### [Data excerpt]

━━━━━━━━━━━━━━━━━━━━

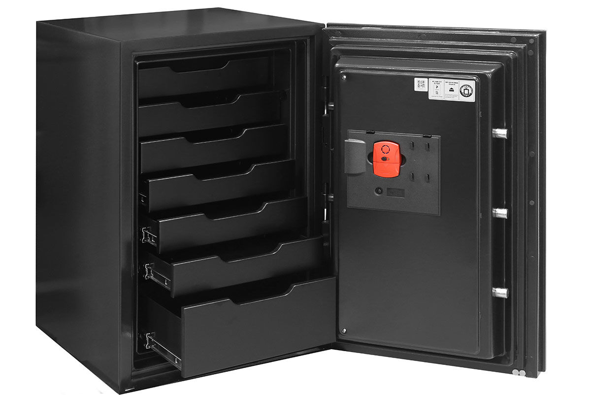 Огневзломостойкий сейф премиальной серии Palladium Gold модели 900 Smoked White Oak (тонированный шпон дерева) обладает не только безупречной внешностью, но и внушительным внутренним наполнением:
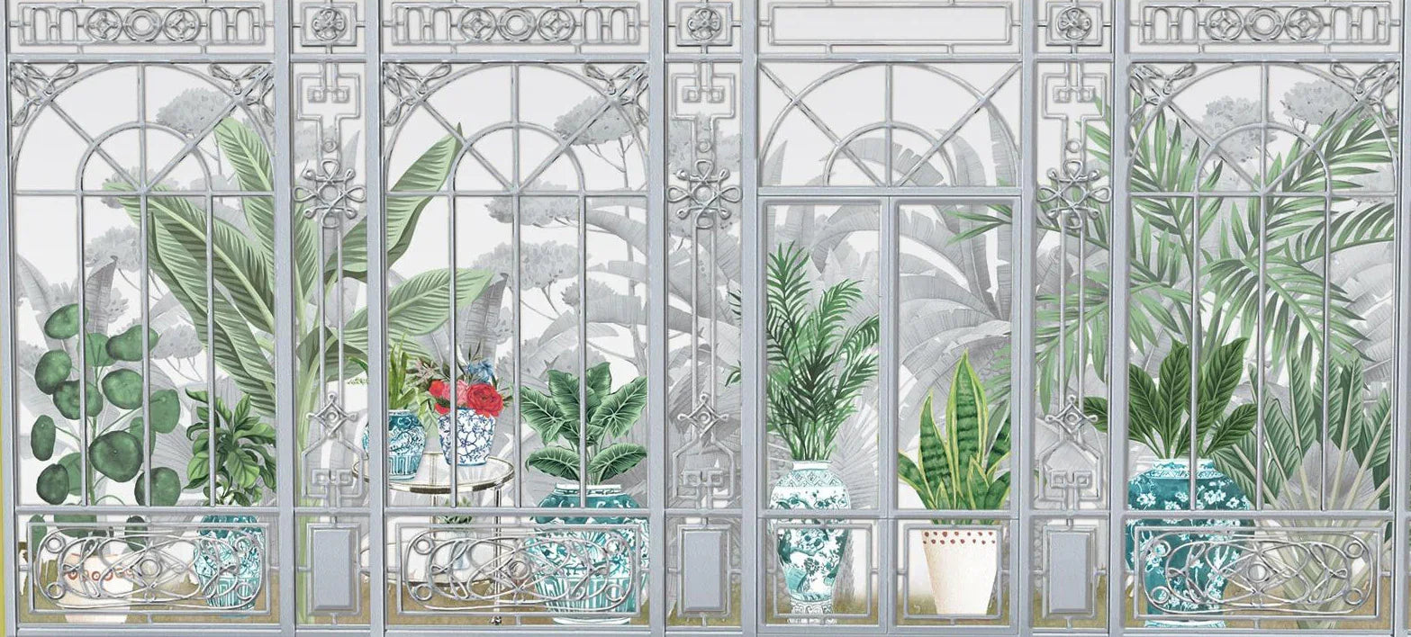 Windows Trees Wallpaper, Green Nature Scenic View Wall Mural, Tropical, Custom Size Wall Art, Non-Woven, Non-Adhesive, Removable, Durable, Large
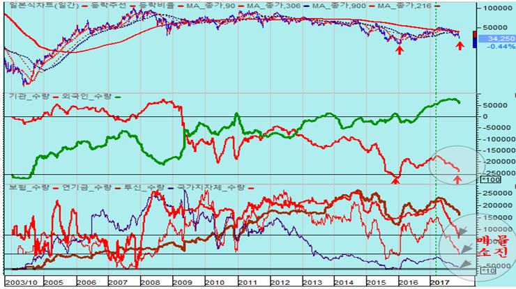 2010년 이후 주가 하락이 증권, 투신, 보험, 국가지자체, 은행 등의 기관의 매물에 의해 이어져왔으나 이들의 매도 물량이 거의 완전히 소진됨으로써 주가는 주도 매집 세력인 외국인의 의도에 따라 장기 상승할 조건을 갖추었다.

━━━━━━━━━━━━━━━━━━━━

### [What you need to do]
Would you please set down the data above again exactly, without its pictures?

### [Solution]
 Огневзломостойкий сейф премиальной серии Palladium Gold модели 900 Smoked White Oak (тонированный шпон дерева) обладает не только безупречной внешностью, но и внушительным внутренним наполнением:
 Windows Trees Wallpaper, Green Nature Scenic View Wall Mural, Tropical, Custom Size Wall Art, Non-Woven, Non-Adhesive, Removable, Durable, Large
 2010년 이후 주가 하락이 증권, 투신, 보험, 국가지자체, 은행 등의 기관의 매물에 의해 이어져왔으나 이들의 매도 물량이 거의 완전히 소진됨으로써 주가는 주도 매집 세력인 외국인의 의도에 따라 장기 상승할 조건을 갖추었다.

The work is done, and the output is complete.